Há que adorar as avaliações que Bruxelas faz da execução dos fundos comunitários. Os governos dos Estados-membros já gostam de olhar para os números com óculos de lentes cor-de-rosa, vendo borboletas, unicórnios e cascatas de laranjada em cada canto, mas o executivo comunitário eleva o “wishful thinking” a um nível estratosférico.

Diz a Comissão Europeia que as “reformas” e os investimentos previstos em Portugal ao abrigo do Plano de Recuperação e Resiliência (PRR) podem, num prazo de seis anos, gerar uma riqueza adicional na economia portuguesa na ordem dos seis mil milhões de euros (entre 3% e 3,5% do PIB). Nada mau.

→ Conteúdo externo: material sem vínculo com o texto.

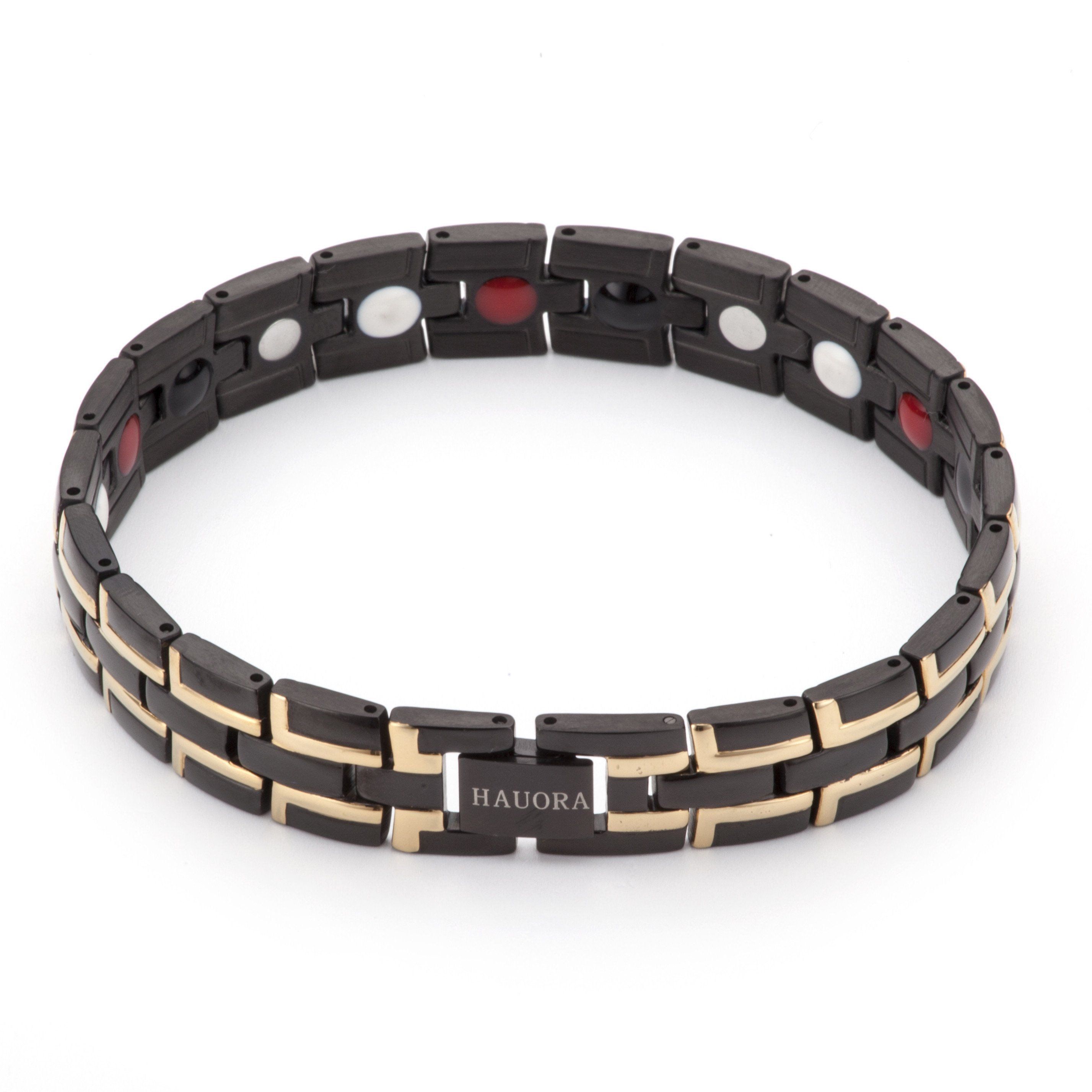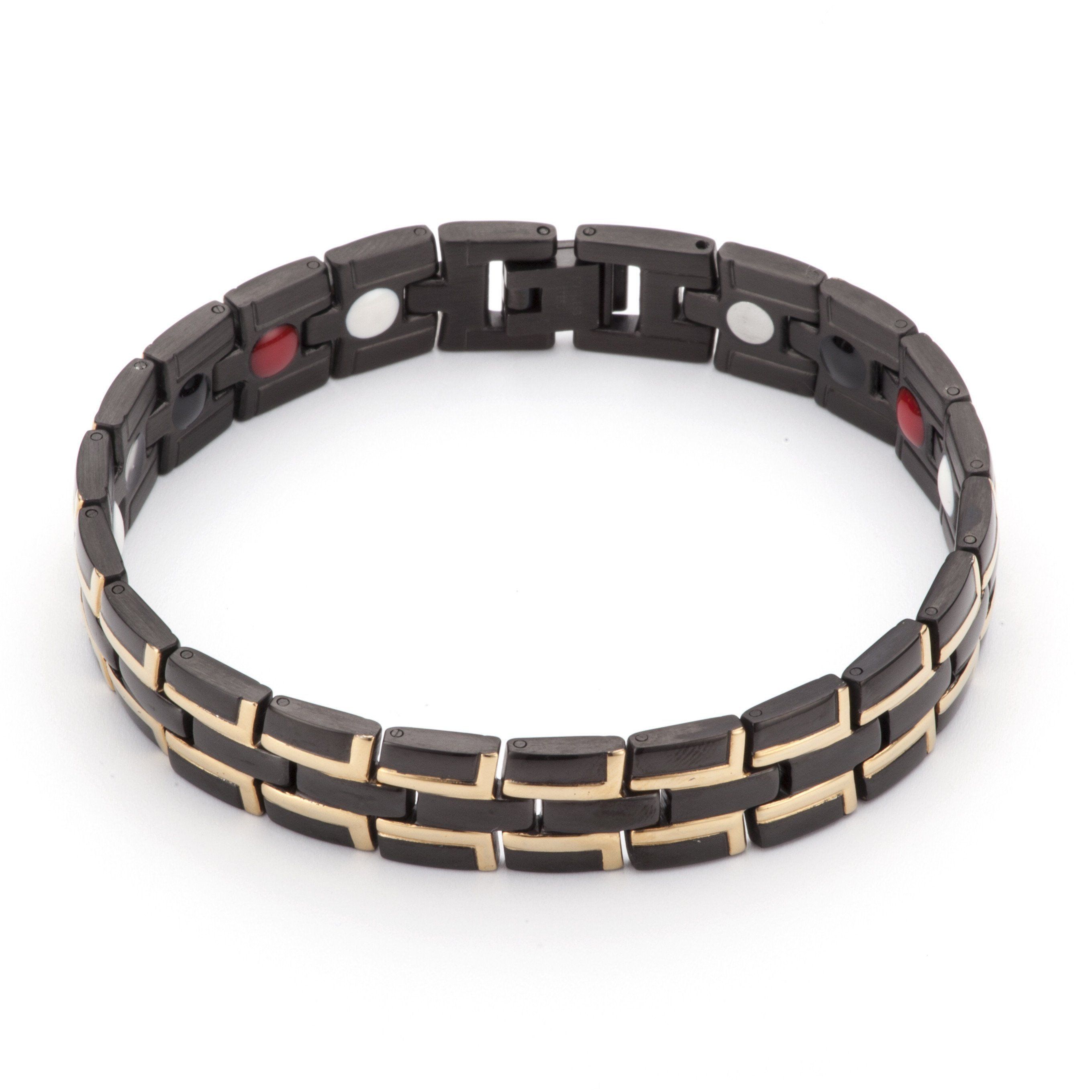 - Black gloss and gold (Health) bracelet, with an ancient Roman style finish and embedded with magnets, negative ions, germanium and far infrared red stones to boost your health.

Agora as más notícias: essa riqueza adicional “só” se concretizará se a economia portuguesa fizer um pequenino ajuste, uma insignificância, um soluço impercetível que dá pelo nome de “produtividade aumentada”.

Ora, segundo números do Eurostat, no ranking europeu de produtividade Portugal está no fundo da lista, em 18º numa lista de 20 países na Zona Euro. A produtividade de Portugal representa 72,1% dos níveis registados na Zona Euro, liderada neste capítulo pela Irlanda (216,3%). Abaixo de nós só a Eslováquia (71,1%) e a Grécia (66,4%).

Mas isso pode melhorar agora, nestes seis anos, certo? Talvez não. É que este nível de produtividade de Portugal mantém-se praticamente inalterado, nos 72%, desde 2012, há mais de uma década. Isto apesar dos milhares de milhões de euros de fundos comunitários captados e executados por Portugal anos a fio.

Talvez a questão da produtividade seja demasiado enfadonha para ser introduzida nos debates dos candidatos a primeiro-ministro. Talvez seja mais fácil atirar críticas sobre o aumento ou o corte da carga fiscal. Talvez ninguém queira dizer algo que deveria ser um imperativo nacional: vamos fazer com que Portugal deixe de ser um país da coesão, que recebe fundos comunitários, e vamos torná-lo um país suficientemente produtivo para ser contribuinte.

Vamos estudar cada euro que chegou e verificar em quantos se multiplicou. Vamos ver que projetos foram pedras angulares e quais foram pedras na engrenagem. Vamos pedir responsabilidades e vamos escolher melhor no futuro.

Em vez disto estamos a discutir a avó da Mariana, a fórmula mágica do Paulo para subir os salários, as contradições do Pedro, os tabus do Luís e os rateres de mota do André. Também é necessário, claro, além de divertir. Mas nenhum deles é o ponto essencial.